Criticising the government’s move, Roy told Firstpost,“In fact, it allows the middle men to play havoc with people’s lives.”
“There is also the problem of delayed cash transfer from banks,” she said.
Roy said that while direct cash transfer may have worked in countries like Brazil, India presents different set of challenges.
“Every nation has its own set of socio-economic issues which need to be taken into account while designing a scheme of this scale. In this case, that seems to be missing,” said Roy.
Bharat Bhatti and Madhulika, field researchers with development economist Jean Dreze, carried out a study on the pilot project of the cash transfer scheme carried out in Kotkasim, a tehsil in Rajasthan’s Alwar district.
Kotkasim residents buy kerosene at market price and the subsidy that they are to receive is transferred directly to their bank accounts. To begin with, an advance subsidy for three months is paid followed by subsequent subsidies for every three months depending on the household’s kerosene requirement.
However, for many beneficiaries, the amount spent traveling to banks exceeded the amount they would collect from as subsidy, noted the study.

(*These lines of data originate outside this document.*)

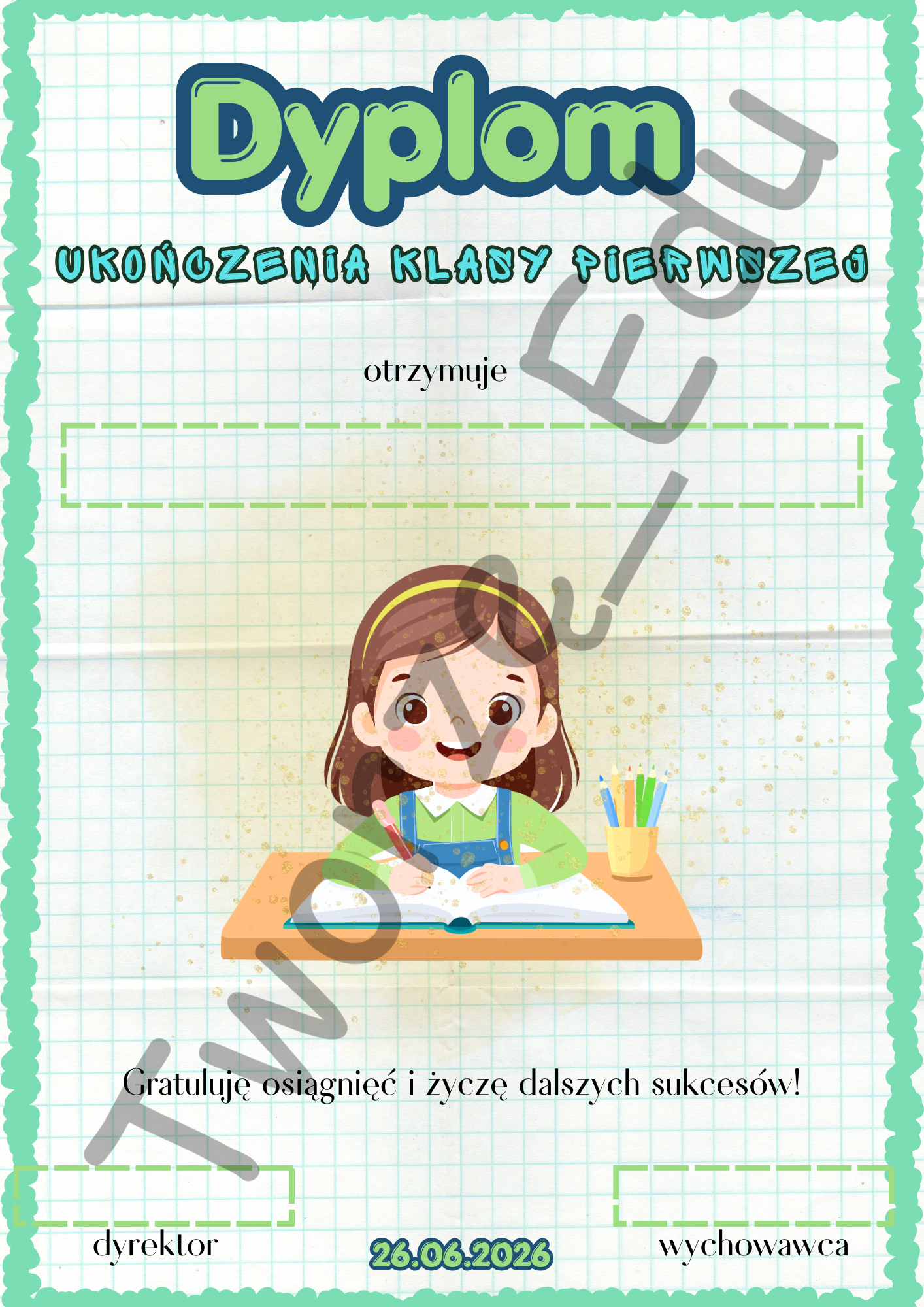 Dyplom ukończenia klasy pierwszej.
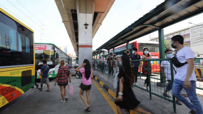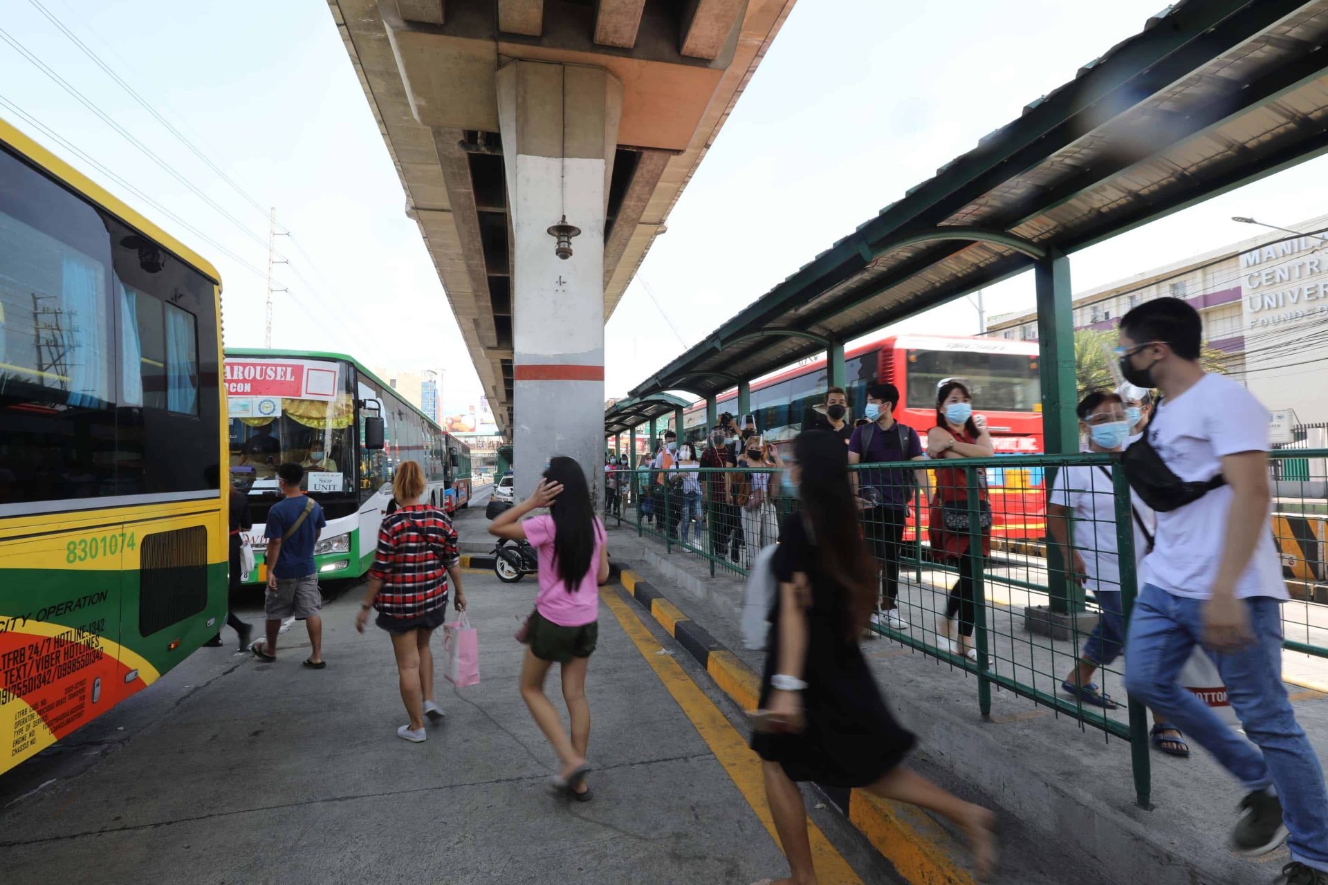(June 30, 2021)........Passengers at Edsa Carousel in Monumento queue for the last day of free ride due to expiration of Bayanihan 2 ......Photo/Boy Santos
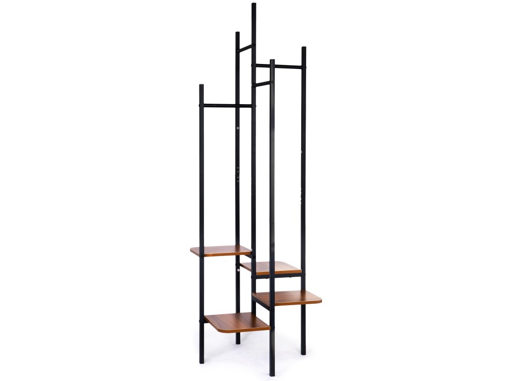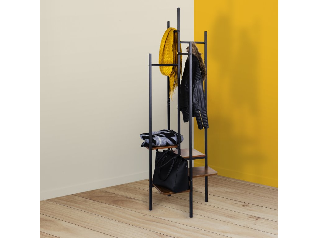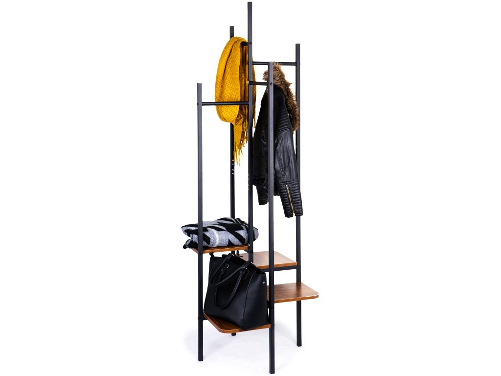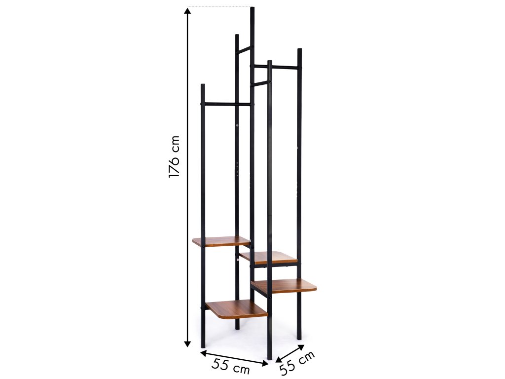 Věšák je vyroben z práškově lakované oceli a dřeva. Celková výška věšáku je 176 cm a rozteč nohou je 55 cm. Věšák má 4 kovové tyče, na které lze zavěsit ramínka na oblečení. Čtyři spodní police vyrobené z MDF jsou uspořádány v různých výškách a lze je použít k odkládání bot, kabelek nebo i dekorativních květin. Každá police má rozměry 28x24 cm. Nohy jsou zakončeny plastovými krytkami, které chrání povrch před poškrábáním.
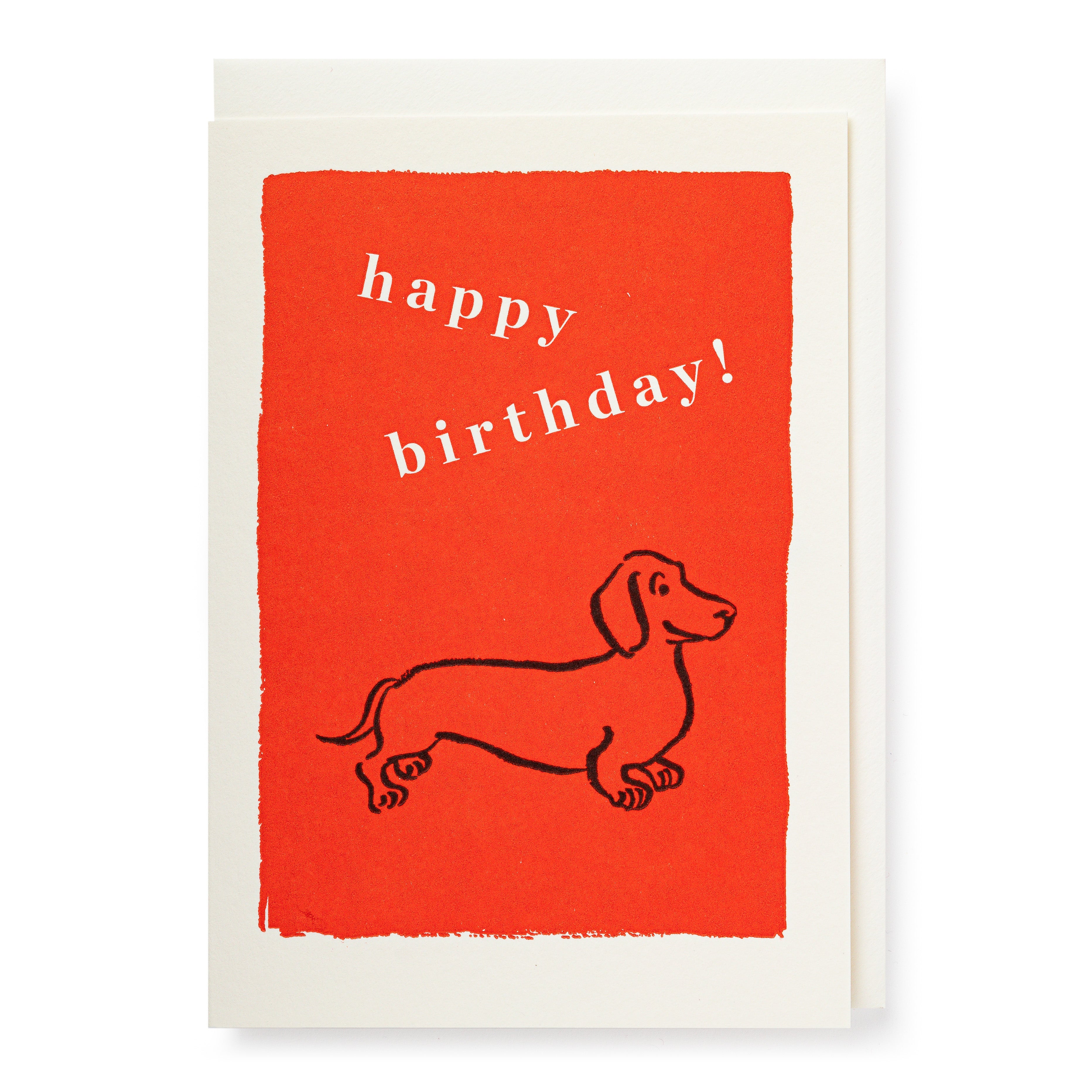 "Happy Birthday" Hot diggedy dog! Another birthday to celebrate! What better way to wish them congratulations (and celebrations) than with England's fifth favourite four legged friend, the dachshund of course. Featuring the majestic miniature pooch against bright red ink, J.Falkner's sausage dog card for Archivist Gallery is sure to bring a smile to any dog lover's face on their special day.
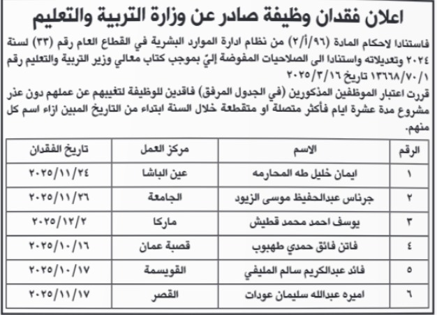 أصدرت وزارة التربية والتعليم قرارًا، استنادًا إلى أحكام المادة (96/أ/2) من نظام الخدمة المدنية لسنة 2024، يقضي باعتبار الموظفين المذكورين في الجدول المرفق أدناه فاقدين لوظائفهم.
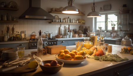 a kitchen, with a countertop filled with fresh fruits and vegetables, ready for cooking, created with generative ai
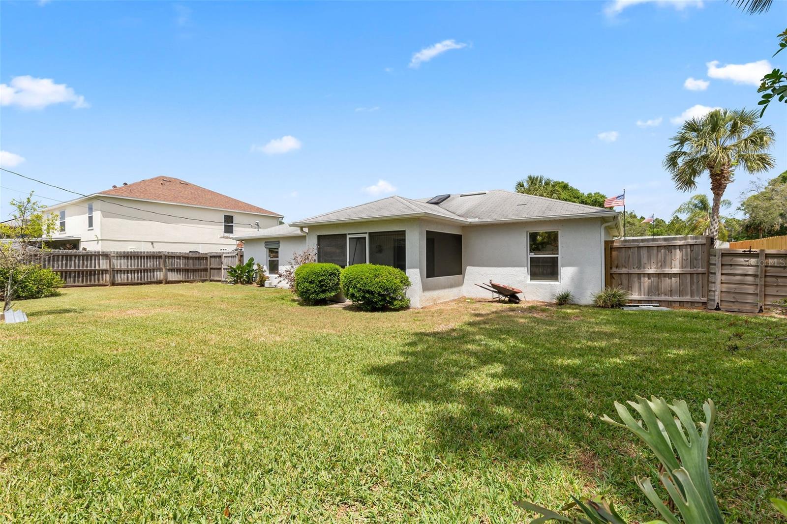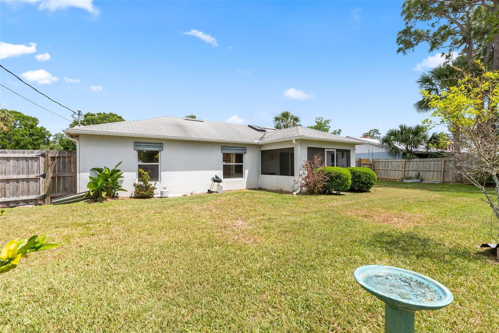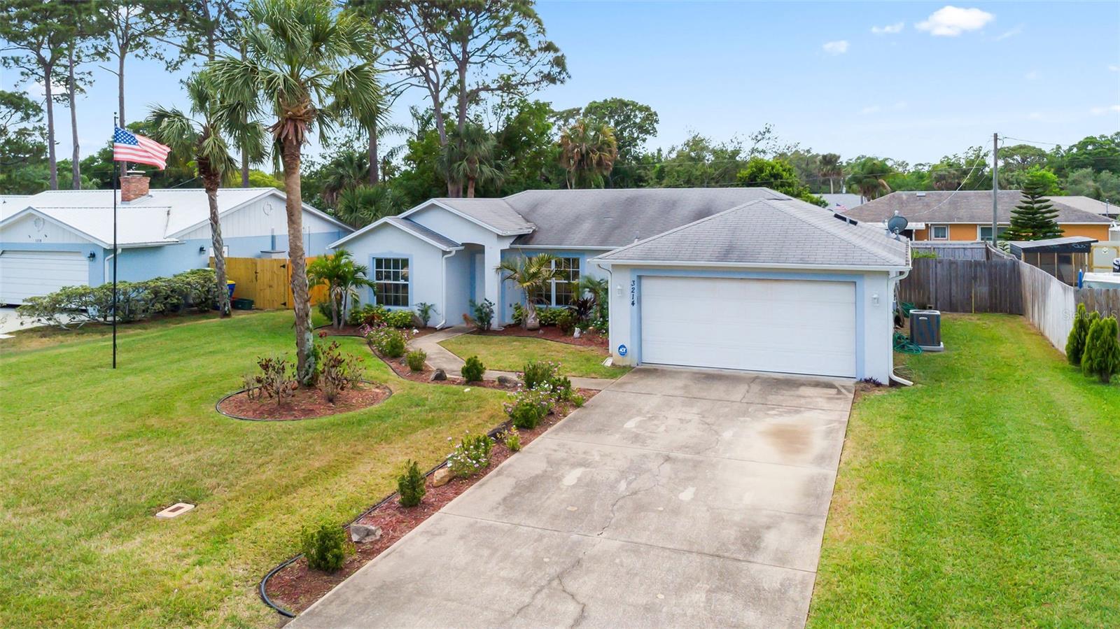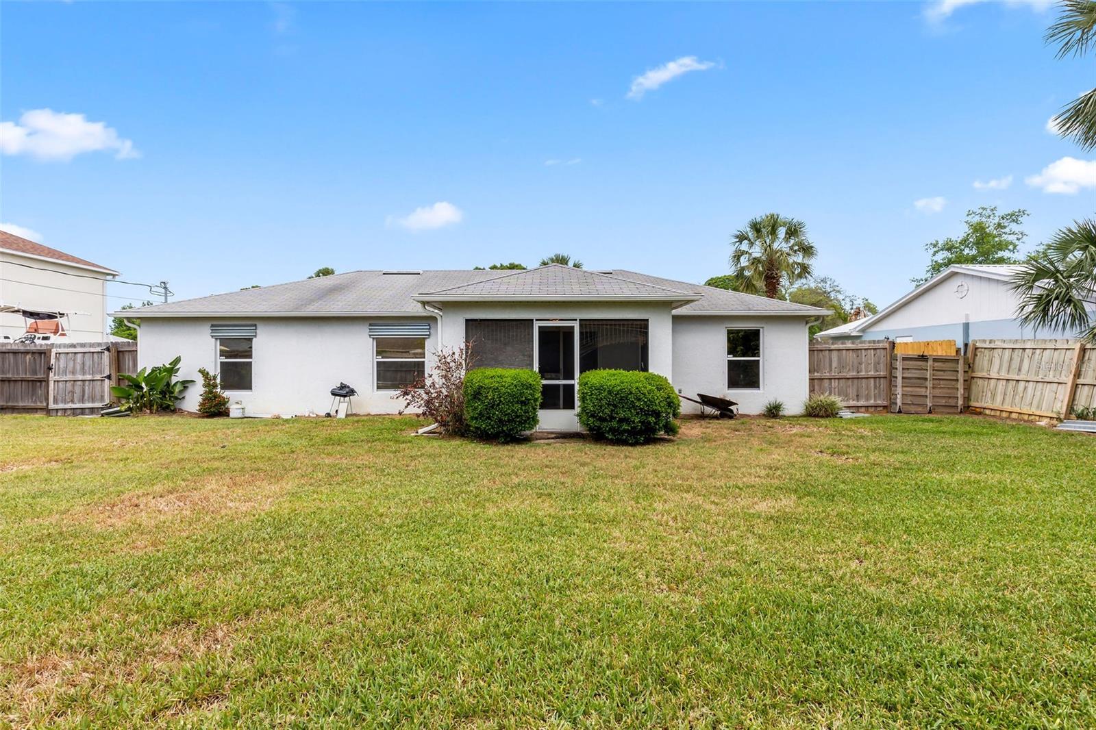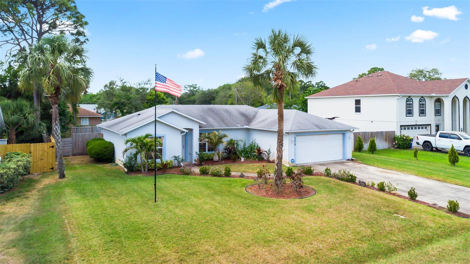 Edgewater is widely known for its affordable and quaint homes that are perfectly situated for families - located close to schools, a neighborhood Publix, and many opportunities for shopping and dining - and to top it off, Edgewater is only a few miles away from the New Smyrna Beach arts and cultural scene, beautiful beaches, and great entertainment options! This three-bedroom, two-bathroom home was lovingly cared for by its owner and shows the true pride of ownership. It has a beautiful green yard adorned with plants and flowers and shows a lot of curb appeal from the street. This street did NOT flood and the neighbors' homes all have character and are well cared for. This open floorplan home has a center island in the kitchen, lots of natural light, tile and laminate floors throughout (no carpeting), a split plan for convenience and comfort, a good-sized primary bedroom and ensuite bath, indoor laundry, a two-car garage and a screened porch out back for enjoying the yard after a long day at work. The owner has an irrigation system, hurricane shutters, and has fully fenced the back yard for children and pets. Add to all of this a newer AC and hot water heater, and a first-time buyer or retiree can be assured they are getting a home that has been maintained well. Edgewater is growing quickly, and lots of new jobs are coming, so make your appointment today to see this home before it is gone. All information taken from the tax record, and while deemed reliable, cannot be guaranteed.
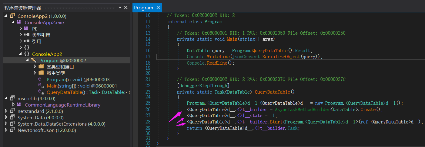 从 <QueryDataTable>d__1 类的命名格式: <QueryDataTable>d__ 来看,你点击 编译 按钮肯定是过不了编译器的。
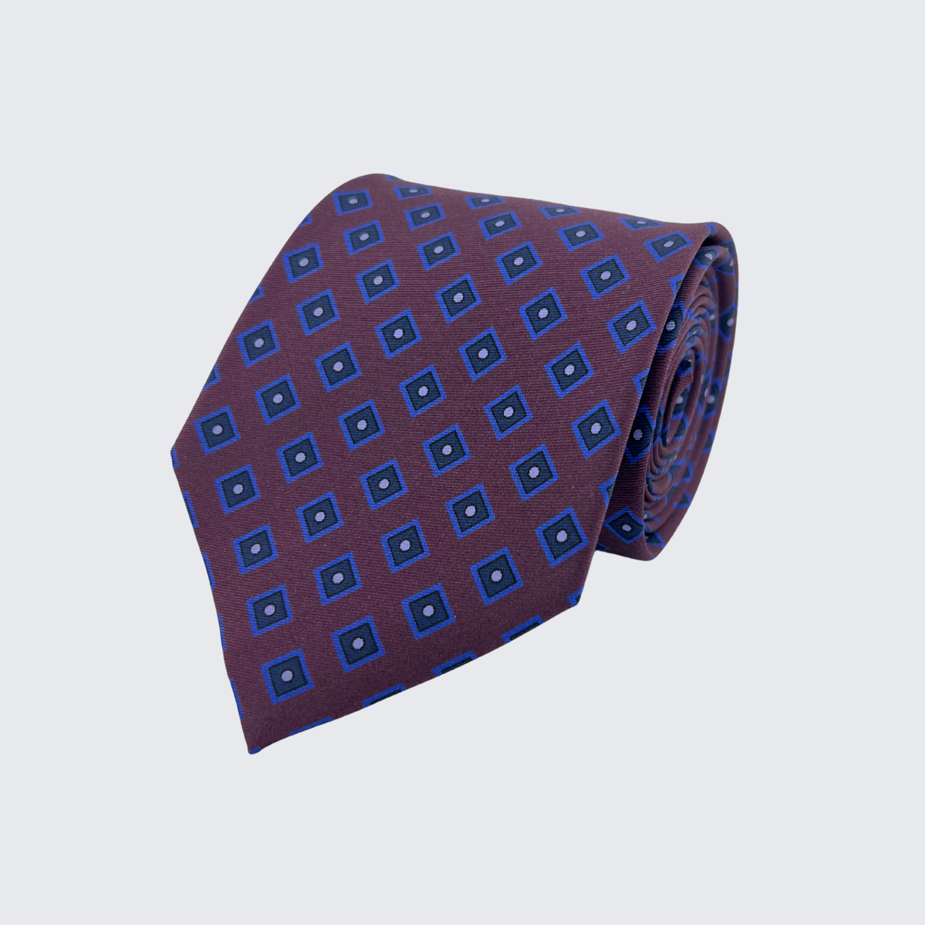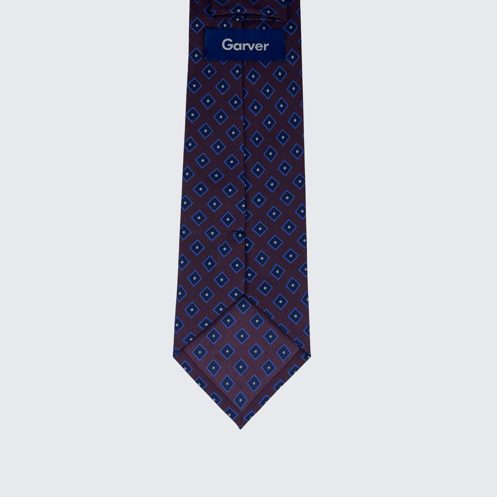 Corbata diseñada en motivos geométricos, con construcción self tipped

The payment of subsidies was also found to be very erratic and untimely.
The dealers in Kotkasim were also reportedly forced to buy kerosene at a loss, to show that the scheme was a success.
The report concluded, “If the purpose of the experiment was just to reduce the amount of subsidy (if need be by driving the beneficiaries out of the system) then yes, it was a success. But if the purpose was to put in place a more effective and equitable system, then it certainly cannot be considered a success.”
Reetika Khera, assistant professor at the Department of Humanities and Social Sciences, IIT, Delhi, said that connecting cash transfers with UID meant there were bound to be issues.
“There will be a range of teething troubles and overcoming them is not an easy task considering the scale of the project. For example, the limited coverage of our network of banks and the confined coverage of UID,” she said.
The social milieu of the country poses another hurdle when it comes to schemes like cash transfer in bank accounts. They are sold as programs which empower the society, which, according to sociologist Shiv Visvanathan is a flawed notion.
“To empower people, you have to supplement money with information and community building. Information or direction, on how to utilise money and a community, to give them a sense of collective unit,” he said.